この記事の前半では、本の内容から「自分の会社はブラック企業ではないのか?」
「就職しようとしている会社は本当に大丈夫なのか?」
など、判別するためのポイントを簡潔にまとめました。

記事の後半では「ブラック企業を辞め、避けて生きる」べき理由をはっきりさせ、社会的公害である「ブラック企業」を淘汰するために私たちができることを本よりまとめています。

ジェフェリー教授の著書『ブラック職場があなたを殺す』は、豊富なデータと研究成果を根拠に、私たちがブラック企業から身を守る方法や、社会から追い出す方法を提示してくれています。また、ホワイト企業とブラック企業の両方を経験してきた私の身近にあった具体例も交えて、書籍の理解を補足しています。

この記事が働くことに関して不安や悩みを抱えている皆さんのお役に立ちますように

1.「ブラック職場があなたを殺す」を読むとわかるブラック職場の特徴(ストレス要因)
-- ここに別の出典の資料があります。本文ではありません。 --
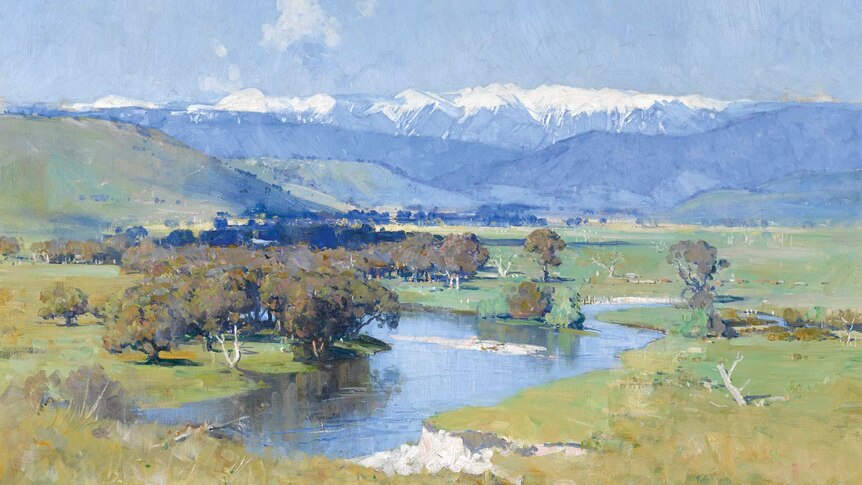 Streeton considered this painting crucial to Australia's national identity, depicting the unique scenery nearby to Corryong, with snow-capped ranges and Mount Kosciuszko in the distance and idyllic farm land flanking the Murray River.

「ブラック職場のストレス要因は受動喫煙と同じくらい有害である」

ジェフリー教授は、職場のストレス要因がどれほど有害であるか、身体(フィジカル)や精神(メンタル)に与える影響を受動喫煙と比較しています。

『ブラック職場があなたを殺す』ジェフリー・フェファー著 P70~71より引用

職場のストレスと受動喫煙の影響比較
職場ストレスと受動喫煙の影響比較(死亡)
※オッズ比:ある疾患への罹りやすさについて「ストレス要因のない集団」を1としたときの比率

この比較からもわかるように、職場のストレスが受動喫煙と同等かそれ以上の悪影響を健康におよぼしています

受動喫煙の危険性は、社会的に問題視され、禁煙や分煙化が当たり前になりました。路上喫煙禁止に関わる条例が制定されている市区町村も珍しくありません。

一方、同等以上に健康へ悪影響を与える「職場のストレス」に対して、なぜ野放しにされてしまうのか? 受動喫煙と同じように、もっと社会的な対応をとらなければ、働く人の健康が守られないというのがジェフリー教授の主張です。

次からは具体的に健康に重大な悪影響を与えるストレス要因について見ていきます。これらの項目が当てはまる会社や職場は「ブラック」と言えるでしょう。

ブラック企業のイメージ

1) 仕事の裁量が乏しい

理不尽な出来事は、人に強いストレスを与えます。災害や事故などで親しい人が突然、何のいわれもなく亡くなると、人はその不合理な死に強い悲しみや憤りを感じます。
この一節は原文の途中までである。